[Provided material]
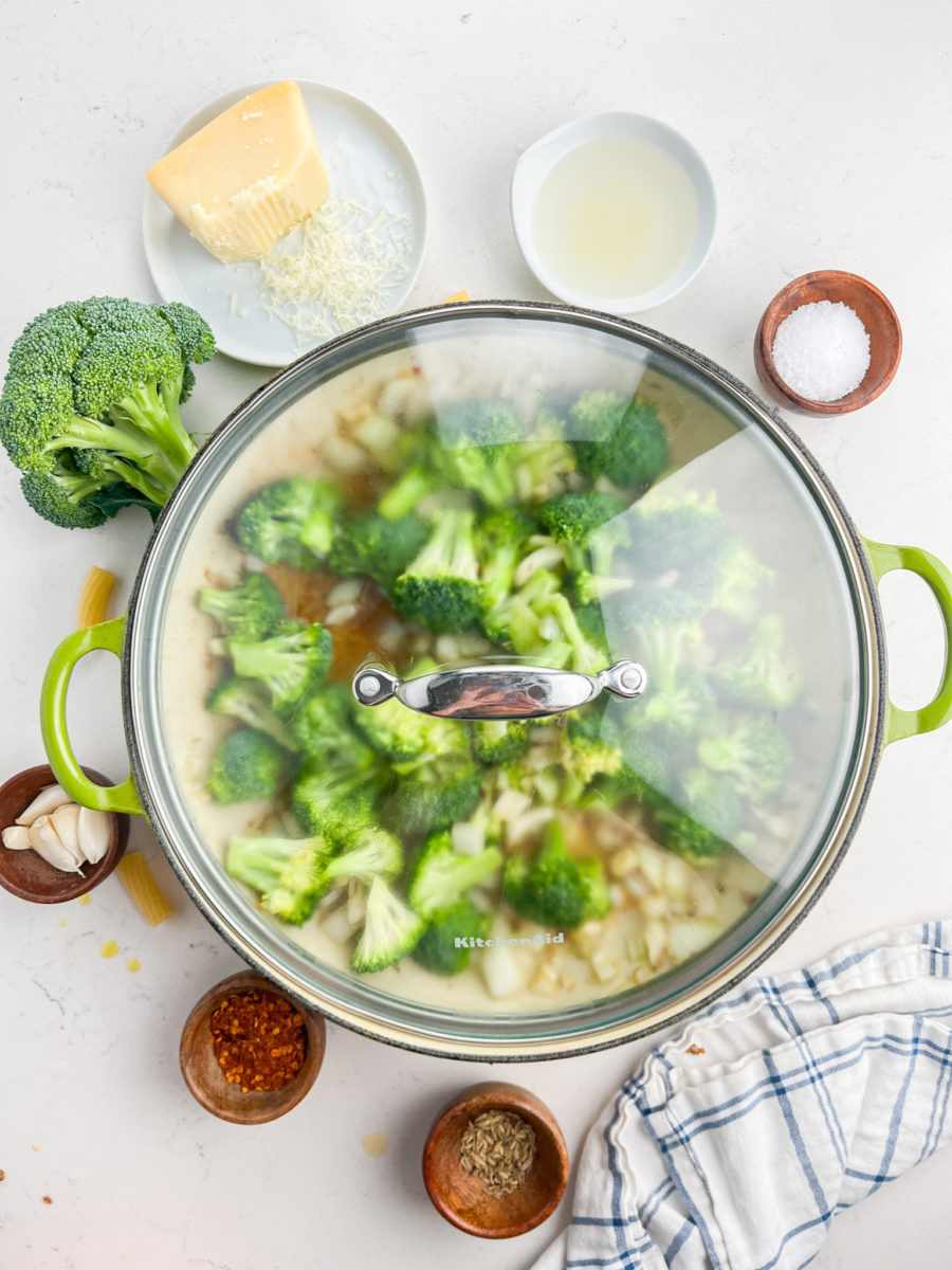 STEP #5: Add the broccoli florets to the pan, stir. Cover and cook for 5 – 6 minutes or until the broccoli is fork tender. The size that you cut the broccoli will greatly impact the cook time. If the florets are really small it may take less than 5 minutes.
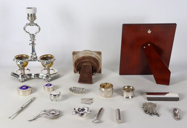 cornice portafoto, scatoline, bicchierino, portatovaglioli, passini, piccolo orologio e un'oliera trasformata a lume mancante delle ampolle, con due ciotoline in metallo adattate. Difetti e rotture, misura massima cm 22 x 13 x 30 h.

...

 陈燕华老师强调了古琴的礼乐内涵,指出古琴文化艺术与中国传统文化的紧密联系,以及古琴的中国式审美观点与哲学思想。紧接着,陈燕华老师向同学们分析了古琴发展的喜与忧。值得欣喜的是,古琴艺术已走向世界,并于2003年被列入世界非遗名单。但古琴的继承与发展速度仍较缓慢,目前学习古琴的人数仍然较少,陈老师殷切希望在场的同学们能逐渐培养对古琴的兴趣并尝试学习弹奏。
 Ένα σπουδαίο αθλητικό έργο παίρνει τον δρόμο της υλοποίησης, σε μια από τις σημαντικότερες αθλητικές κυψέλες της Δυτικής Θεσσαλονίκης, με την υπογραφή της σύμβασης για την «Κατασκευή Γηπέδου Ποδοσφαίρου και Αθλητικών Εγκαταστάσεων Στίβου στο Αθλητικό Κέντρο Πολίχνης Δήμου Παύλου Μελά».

[Task brief] Give only the lines from the one holding "陈燕华老师强调了古琴的礼乐内" through the one holding "Ένα σπουδαίο αθλητικό", each restated exactly as it appears above.

[Result of this task]
 陈燕华老师强调了古琴的礼乐内涵,指出古琴文化艺术与中国传统文化的紧密联系,以及古琴的中国式审美观点与哲学思想。紧接着,陈燕华老师向同学们分析了古琴发展的喜与忧。值得欣喜的是,古琴艺术已走向世界,并于2003年被列入世界非遗名单。但古琴的继承与发展速度仍较缓慢,目前学习古琴的人数仍然较少,陈老师殷切希望在场的同学们能逐渐培养对古琴的兴趣并尝试学习弹奏。
 Ένα σπουδαίο αθλητικό έργο παίρνει τον δρόμο της υλοποίησης, σε μια από τις σημαντικότερες αθλητικές κυψέλες της Δυτικής Θεσσαλονίκης, με την υπογραφή της σύμβασης για την «Κατασκευή Γηπέδου Ποδοσφαίρου και Αθλητικών Εγκαταστάσεων Στίβου στο Αθλητικό Κέντρο Πολίχνης Δήμου Παύλου Μελά».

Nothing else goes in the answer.